La detención del ex funcionario edil investigado por tráfico de terrenos
21 de marzo de 2018

A las 02:00 horas del día 20 de marzo personal del Ministerio Público y agentes de Investigación de Alta Complejidad irrumpieron en la casa de José Luis Cavero Astete para detenerlo, acusado de criminalidad organizada dedicada al tráfico de terrenos y estafa.
El exfuncionario municipal y quien se voceaba como candidato a la comuna provincial de Arequipa jamás pensó o se le ocurrió que llegarían a su casa a develar un secreto. Hasta el 09 de marzo, fecha en que dejó de formar parte de la Municipalidad Provincial de Arequipa (MPA), como jefe de la Oficina de Diálogo y Sostenibilidad, manejaba el discurso de que en los asentamientos humanos y asociaciones existían grupos que lucraban con las esperanzas de aquellos que soñaban con una casa propia, utilizando terrenos del Estado o de privados. Sus palabras se desvanecieron ayer cuando agentes de la Policía encontraron 30 mil soles al levantar el colchón en donde dormía. El exfuncionario no supo dar cuenta de la procedencia de la cantidad de billetes de 100 soles, a los que se acurrucaba cada noche. “El señor Cavero está detenido por organización criminal, puntualmente y muy probablemente, está por estafa”, dijo la magistrada María Alejandra Cárdenas, fiscal que dirigió la detención de otras 25 personas. Cavero sin reclamos u oposición fue detenido y enmarrocado por la Policía, mientras que en la sala de su vivienda, Cárdenas le daba cuenta de toda la investigación y motivos, acumulados durante un año de trabajo, que lo sindicaban como miembro de una organización, una banda.

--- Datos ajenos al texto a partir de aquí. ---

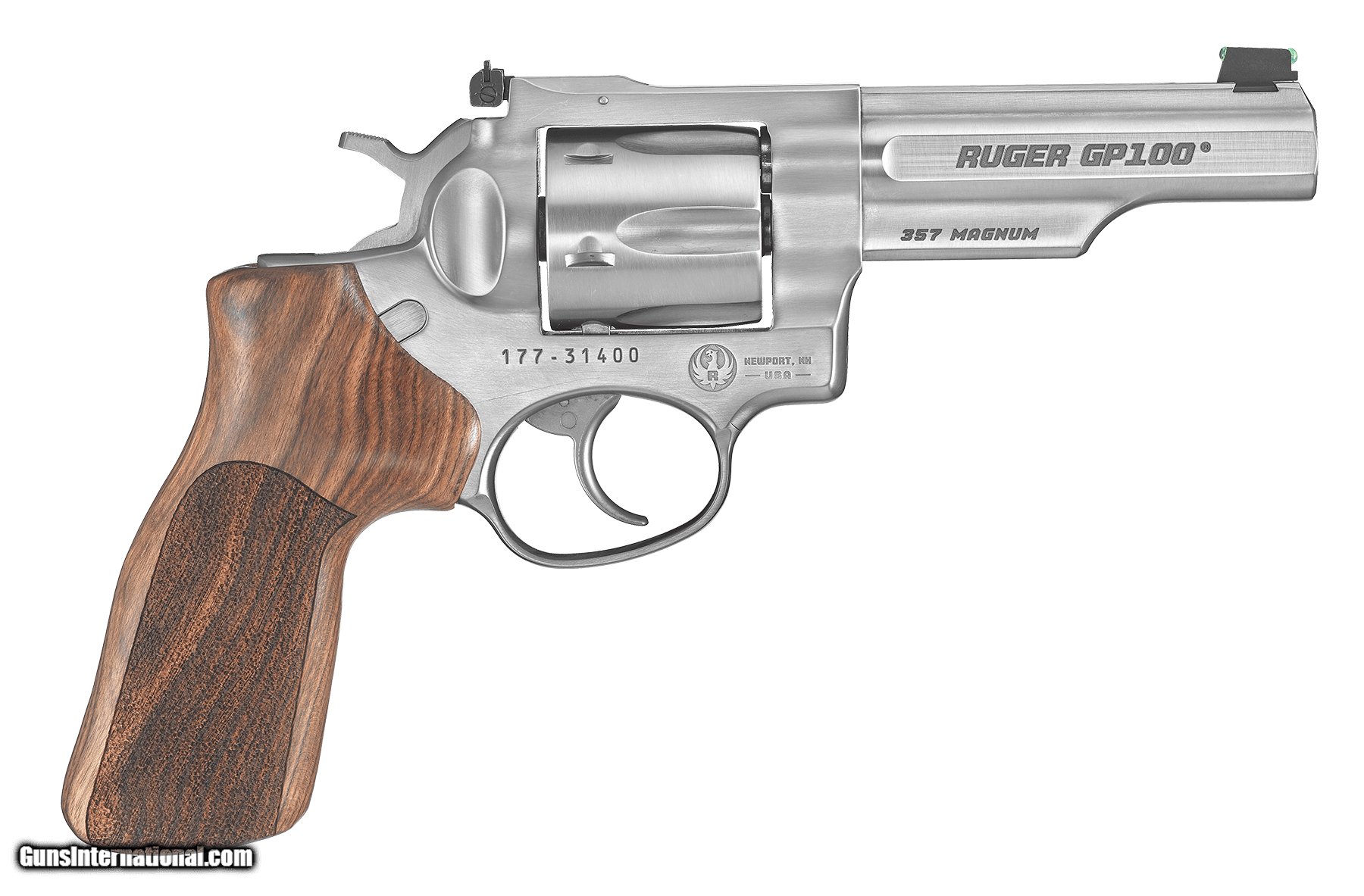 Description: Guns Listing ID: 1368829 This double action revolver has a 4.25in barrel with a six shot cylinder. It has two speed loaders, a leather holster and original box. It has black rubber Pachmayr grips and extra wood grips. SOLD Manufacturer: RUGER Model: GP100 MATCH CHAMPION Caliber Info: .357 MAG Condition: Used - Non-Certified Barrels: 4.2 BARREL |

“Sin la presencia de un funcionario público que avale e incite al que organice las invasiones no podría darse las invasiones”, expresó durante la mañana, siete horas después en la sala de conferencias de la Región Policial de Arequipa, el viceministro de Orden Interno, Rubén Vargas, al referirse a la presencia del exfuncionario en la banda de los «Malditos de Chumbivilcas», nombre con el que se identificó a los 26 delatados.
A las 10:00 horas Cavero vestía de rojo y estaba parado en el patio de la Región Policial Arequipa, a la espera de ser trasladado a la División de Investigación Criminal (Divincri) en un bus. Tenía encima un chaleco antibalas de la División de Investigación de Alta Complejidad (Diviac) y usaba unos lentes, sonreía y esperaba, como si no pasara nada y con las manos en la espalda con marrocas. Luego al subir al bus gritó: “¡Que se investigue!”
Más tarde sus asesores legales, Germán Rodríguez y Miguel Pérez, señalaron que todo se trataba de un tema político, que alguien intentaba mellar la imagen de un enemigo de las invasiones. “El dinero encontrado es producto de su trabajo como “relacionador”, él es inocente”, dijeron. Pero esta no era la primera vez en que Cavero se ve envuelto en un caso borrascoso.
A esa misma hora, cerca de la una la tarde, Cavero ingresaba a la Divincri y señalaba, al parecer enterado ya de lo que sucedía, que temía por su vida: “Lamento mucho pero tanto Yamila, Guillén, Zegarra, Manuel Vera y Candia… Yo pido que me cuiden, esto es delicado, estoy preocupado, ojalá que se investigue todo”.
El hombre que en algún momento fue defensor del alcalde de Arequipa, y líder del movimiento Arequipa Renace, Alfredo Zegarra, lo señalaba y dejaba entrever que le temía.
Candia a las 15:00 en respuesta a lo dicho por Cavero señaló que no mantenía ligación alguna y que lo dicho era solo una estrategia. “No tengo llamadas telefónicas con el señor, y que por el contrario en los últimos meses el señor ha comenzado a realizar un conjunto de imputaciones y agravio contra mi persona y que no hemos respondido porque consideramos que no era necesario”, expresó el también líder regional del movimiento Arequipa Renace, Omar Candia, quien hacía alusión a la militancia que tuvo Cavero en un momento.
El hombre que en un momento fue personal de confianza del alcalde Zegarra y que lidiaba con los dirigentes de los asentamientos humanos, sostenía conversaciones con dirigentes y asociaciones y que fue asignado como encargado de la oficina de Diálogo con una categoría de funcionario nivel F-2, con un sueldo mensual de 4 mil soles, hoy está detenido y es sinónimo por el momento de haber lucrado con un puesto municipal.